Все это промелькнуло в голове Коваля.
— Первый раз слышу о каком-то Журавле, — повторила девушка. — А что такое? Чем тебе не понравились они? — Наташа сердито кивнула на сапожки, которые Коваль все еще вертел в руках.
Полковник облегченно вздохнул.
— А где твои старые?
— В кладовке.
— Могла бы обойтись ими еще некоторое время? А эти я возьму? С возвратом, — пытаясь шутить, улыбнулся Дмитрий Иванович.
— Зачем?! — удивилась Наташа. — Ворованные они, что ли, или убийца их продал? — девушка уже начала возмущаться. На языке у нее крутилось: сам не смог купить, а когда я достала… Но вслух это не произнесла.
— Наташа! — остановил ее отец. — Впрочем, пока обойдусь, — решил он. — Надевай их — и проведаем Оксану. Так будет лучше. Она, как и раньше, в общежитии живет?
— Да, в общежитии, — раздраженно ответила девушка. — Но зачем?
— Мне нужно кое о чем ее расспросить.
— А без меня это невозможно?
— Лучше, если с тобой, — настаивал Коваль. Голос Дмитрия Ивановича был строг, и дочь не посмела больше возражать.
Коваль понимал настроение Наташи, но сейчас ее настроение уже не было для него столь важно, как десять — пятнадцать минут назад, кое-какие догадки, родившиеся внезапно, стали для него существеннее, и он должен был не откладывая убедиться в их справедливости.
Надо было выяснить у Оксаны, в каком магазине, где, у кого она купила эти сапожки, а заодно и побеседовать с дочерью, но уже не о сапогах, а кое о чем ином, не менее важном…

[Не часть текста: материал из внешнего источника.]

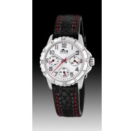 Reloj Casio con movimiento de cuarzo analgico. Caja de resina negra redonda, esfera de color blanca. Pulsera de resina.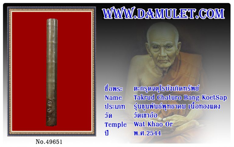 ตะกรุดจตุโรบังเกิดทรัพย์ วัดเขาอ้อ พ.ศ.2544

Выйдя из дома, Коваль и Наташа сели в троллейбус и вскоре очутились на Владимирской улице. Сойдя с троллейбуса возле городского управления внутренних дел, Дмитрий Иванович мог попросить дежурную машину, но отказался от этой мысли, решив пройти пешком до университета, до первой остановки автобуса, идущего на окраину города к общежитию студентов.
Тем более что и говорить на такую щекотливую тему, как девичьи чувства, не удобно в машине при водителе.
После холодных, сырых, с пронизывающим ветром дней установилась прекрасная, словно по заказу, редкая в последние годы в Киеве сухая зима с легким морозцем, который, казалось, не холодил, а грел. Дышалось легко, и ноги сами несли по слегка заснеженным тротуарам. Владимирская улица четко обозначалась пунктиром фонарей, ярко сияющих в прозрачном воздухе, от Софийского собора вниз к университету.
Но ни Дмитрий Иванович, ни Наташа не обращали внимания на красоту вечернего города.